APOE is polymorphic, with three major alleles among the human population: epsilon 2 (ε2), epsilon 3 (ε3), and epsilon 4 (ε4). These allelic forms differ by 1-2 amino acids at positions 112 and 158, which result in altered APOE structure and function. Notable features of each allele polymorphism are noted below:

  • APOE3 has the highest worldwide allele frequency and is considered the neutral (wild type, WT) APOE genotype.
  • Both APOE2 and APOE4 have unique biological implications and relevance for a range of neurological and cardiovascular diseases.
  • APOE ε4 is a major genetic risk factor for Alzheimer disease: discussed in our Gene of the Week article.

Polymorphisms in the APOE gene are associated with Alzheimer's disease and various cardiovascular diseases and risks, including lipid accumulation, hyperlipidemia, atherosclerosis, hypercholesterolemia, and some mutations can cause familial lipoproteinemia or type III hyperlipoproteinemia (HLP III).
In addition to the roles APOE plays in developmental diseases such as Alzheimer’s, studies have shown APOE to be implicated in the host response to a range of infectious pathogens, including herpes simplex virus type I (HSV1) and hepatitis C virus (HCV). Growing evidence supports the theory that host genetics are a factor in determining both susceptibility to and outcome of infections, which is exemplified by the APOE isoforms.

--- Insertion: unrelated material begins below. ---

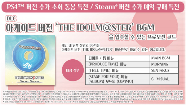※이해를 돕기 위한 이미지입니다. ※특전은 게임 내에서만 사용하실 수 있습니다. ※이 특전은 프로모션 코드를 입력하여 키를 개방한 후, 'OPTION'>'사운드' 내의 '일부 BGM 전환'에서 설정하면 사용하실 수 있습니다. ※이 특전으로 BGM을 전환할 수 있는 것은 일부 장면뿐입니다. ※본 특전은 추후 판매될 수 있습니다. ※내용 및 사양은 예고 없이 변경될 수 있습니다. ※본 특전을 사용하실 때에는 최신 업데이트 적용이 필요합니다. 【PS4™ 버전】 ※본 특전은 패키지 버전과 다운로드 버전 모두에 제공됩니다. ※패키지 버전에 제공되는 특전은 수량이 한정되어 있습니다. ※특전 프로모션 코드가 동봉된 제품에는 패키지 겉 포장 비닐에 스티커가 붙여 있습니다. ※프로모션 코드는 1번만 사용할 수 있으며, 유효 기간이 있습니다. (2022년 10월 13일 23:59까지) ※프로모션 코드를 이용하시려면 게임기 본체를 인터넷에 접속할 수 있는 환경과 PlayStation™Network의 계정이 필요합니다. ※PlayStation®4의 다운로드 버전은 2021년 11월 10일 23:59까지 구입했을 경우 제공됩니다. 【Steam®】※Steam® 버전은 2021년 10월 13일 23:59까지 다운로드 버전을 예약하면 제공됩니다.

More Resources on How APOE Influences Risk for Multiple Pathologies

The significance of the APOE4 variant as the single largest genetic risk factor for late-onset AD among the human population was discussed in our Gene of the Week article:

“[Gene of the Week] Alzheimer's Disease and Genes - APOE (Apolipoprotein E)” >>

In 1997, the lab of Dr. Ruth Itzhaki was among the first to study the role of specific APOE alleles for their involvement in a range of diseases caused by infectious agents.
Since this time, related evidence has suggested that certain APOE isoforms, such as carriers of an APOE-e4 allele, may confer various influences on pathogenic infectivity, disease severity, and even overall damage caused by infection. Several studies performed by the lab of Dr. Itzhaki have revealed the APOE genotype to have a modulatory effect on either susceptibility to or severity of damage by the pathogen in several infectious diseases, such as HSV1. We were able to discuss the connections between APOE polymorphisms, Alzheimer’s Disease, and Neurovirology with Dr. Ruth Itzhaki in the following article:

Beyond Alzheimer’s Disease – Implications of APOE in Viral Pathology” >>

Development of
Apoe Gene Knockout Mouse Model

The B6J-Apoe KO strain (Product Code: C001507) is an ApoE protein-deficient mouse model, created by using gene editing technology to knockout (KO) the human APOE gene homolog, Apoe, in mice. This results in the disruption of ApoE protein synthesis in the mouse, leading to elevated cholesterol levels and the spontaneous development of atherosclerosis. The elevation in cholesterol levels is further exacerbated when the mice are fed a high-fat diet (HFD).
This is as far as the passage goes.